Causal inference and Bayesian networks
In the last section we discussed how to ensure, from a theoretical point of view, that association implies causation. We stress that we are talking about the theoretical point of view because, from a practical perspective, only domain knowledge can ensure us that theory matches with reality.

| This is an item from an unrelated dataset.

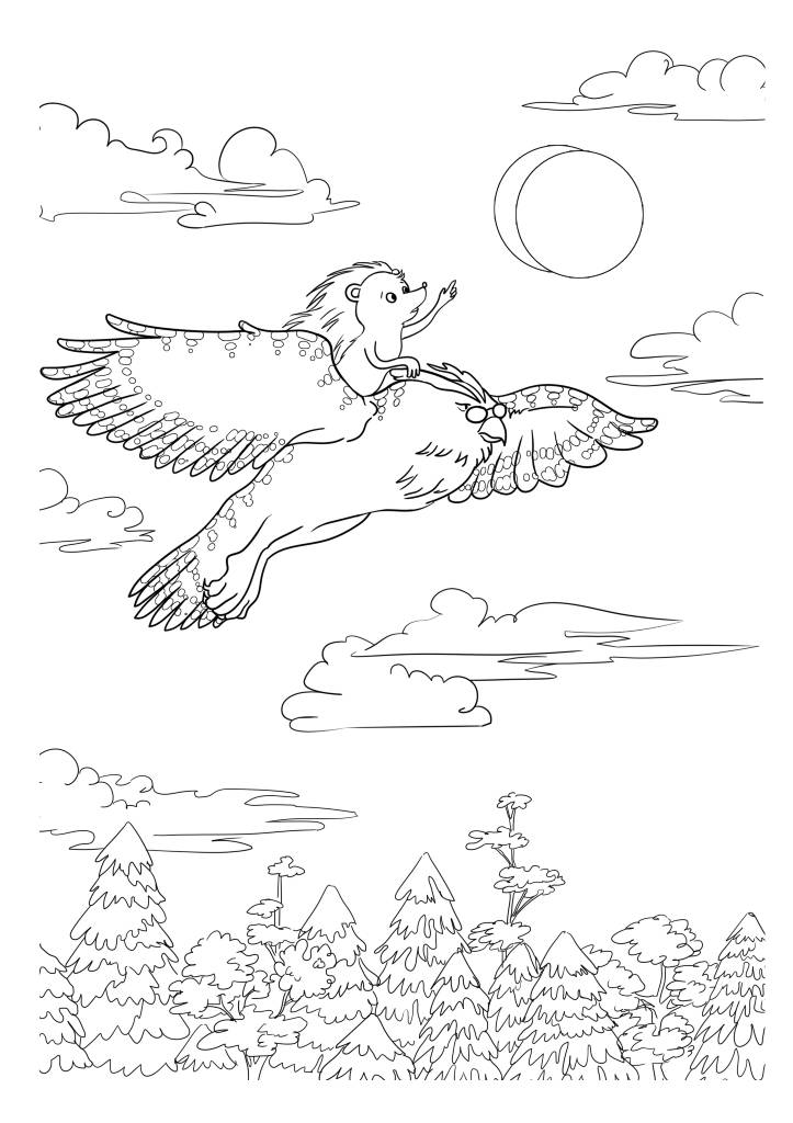 – Быстрее, Филин, быстрее, – торопил Ёжик, взбираясь тому на спину и крепко хватаясь всеми четырьмя лапками. – Полетели.

In this post we will discuss a set of tools which might be helpful when discussing causal relations, namely Directed Acyclic Graphs or DAGs. In a DAG we draw, as nodes, all the quantities which might be relevant in the determination of our outcome, included the outcome itself, and we draw an arrow whenever one quantity might causally affect another quantity. Therefore, if we draw $A \rightarrow B\,,$ we assume that a change in $A$ would imply a change in $B\,.$ Of course, we always want to keep a probabilistic perspective, we can therefore make the above statement more precise and say that a change in $A$ would imply a change in the probability distribution of $B\,.$ In the case of two events, we might have that the events are disconnected, so $A$ and $B$ are not causally connected, or $A$ causes $B$, or $B$ causes $A\,.$ We assume that events are well located in time, therefore we cannot have cycles. In other words, if $A$ changes $B$ then $B$ cannot change $A\,,$ since the arrow of time goes from $A$ to $B\,.$ We might however have $A_t \rightarrow B_t \rightarrow A_{t+1}\dots\,,$ but this case won’t be discussed here.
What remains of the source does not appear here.